Stretching for almost 20 miles, the North Shore beaches of O`ahu possess endless opportunities to catch some rays or take a dip in the turquoise waters. The wide sandy beaches make for a delightful stroll. During the winter months (approximately October to February) the North Shore produces monstrous waves reaching heights of 20 feet and higher. This can prove dangerous for even the experienced waterman/woman. Visitors are highly recommended to heed to warning signs on the beach and be cautious around the waterline. However, the summer (from May to September) brings tranquility to the North Shore, with gentle waves lapping the shoreline – making it ideal for fishing, swimming, and diving.

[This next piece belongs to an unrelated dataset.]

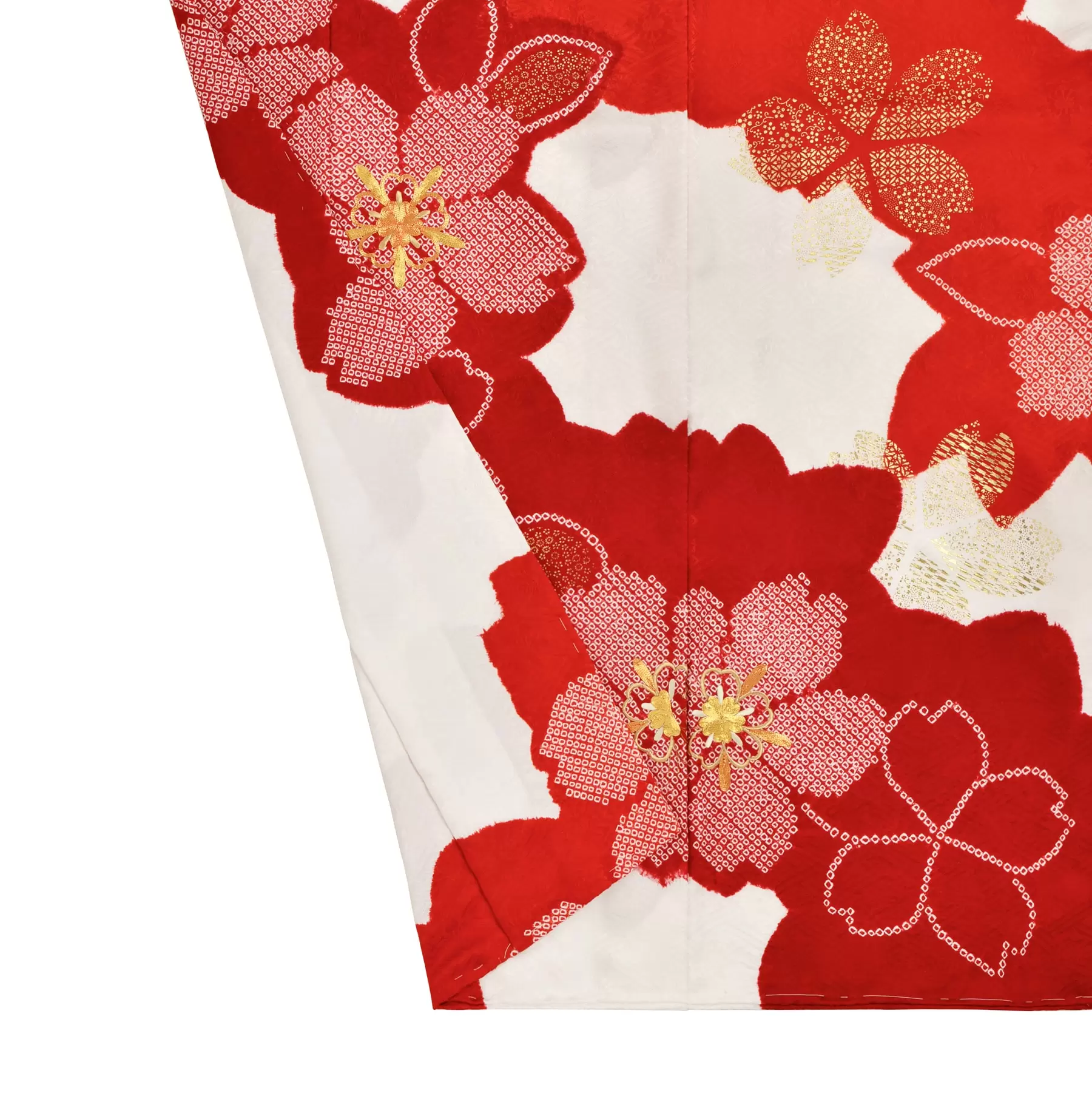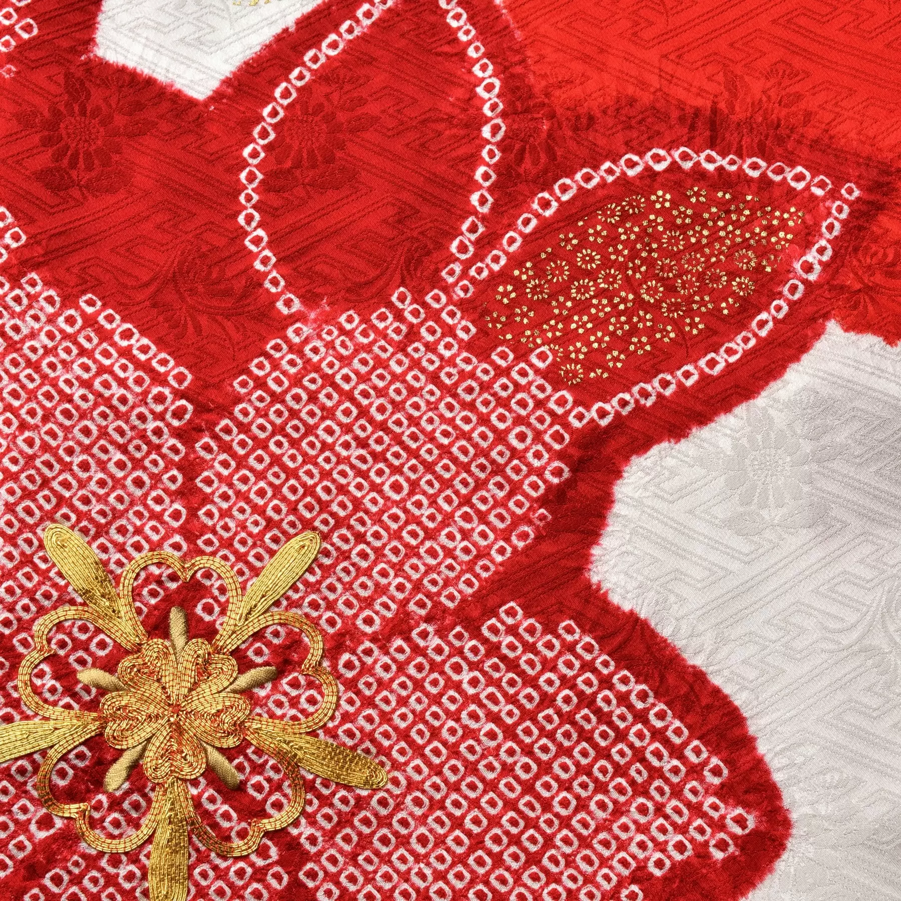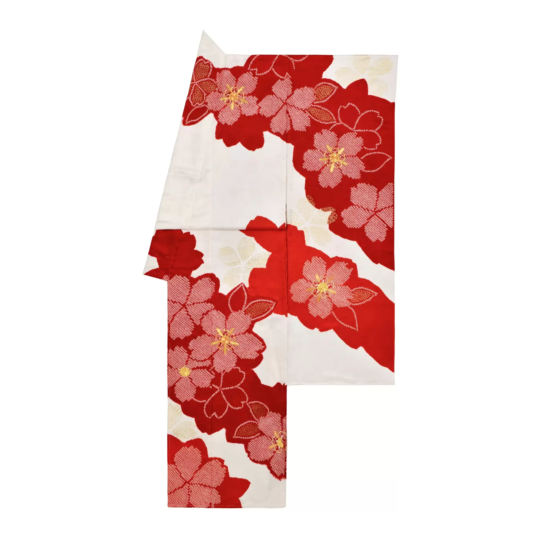 鮮やかな赤の上に浮かび上がる疋田絞りの華やかさと、地色の白と赤の鮮烈なコントラストが生み出す洗練された美が魅力の振袖です。

The gentle laps of waves and soft fluffy sand welcome all to Kawela Bay. Situated on the northeastern tip of O`ahu, the bay is protected from large surf, making swimming and fishing two popular activities there. The long stretch of beach makes for a nice stroll or jog, and can provide excellent shell hunting. Turtle Bay is located between the eastern point Kawela Bay and the Turtle Bay Hotel and Resort. Long ago, turtles (honu in Hawaiian) were often seen coming ashore to lay their eggs in the sand. No longer very abundant, one can still see their heads pop out of the water from time to time. The bay itself offers excellent snorkeling with little current movement. The broad sloping beach invites you to lie down and take a quick nap, all the while browning your skin from the warm Hawaiian sun. This beach is a member of the National Healthy Beaches Campaign (NHBC), certified by the Laboratory for Coastal Research at Florida International University. It has fulfilled 60 environmental and service-base criteria and files monthly monitoring reports.
Technically, Sunset Beach is a two-mile stretch of sand from `Ehukai Beach to Sunset Point, but has been subdivided by wave breaks resulting in a dozen unique surf spots – Pupukea, Back Doors, Off-the-Wall, Log Cabins, Cloudbreak…all are considered in the Sunset Beach locale. This area of beaches is considered the longest stretch of rideable surf spots in the world. The wide sandy beach at Sunset provides families with a pleasant place to play in the sand and explore the shoreline.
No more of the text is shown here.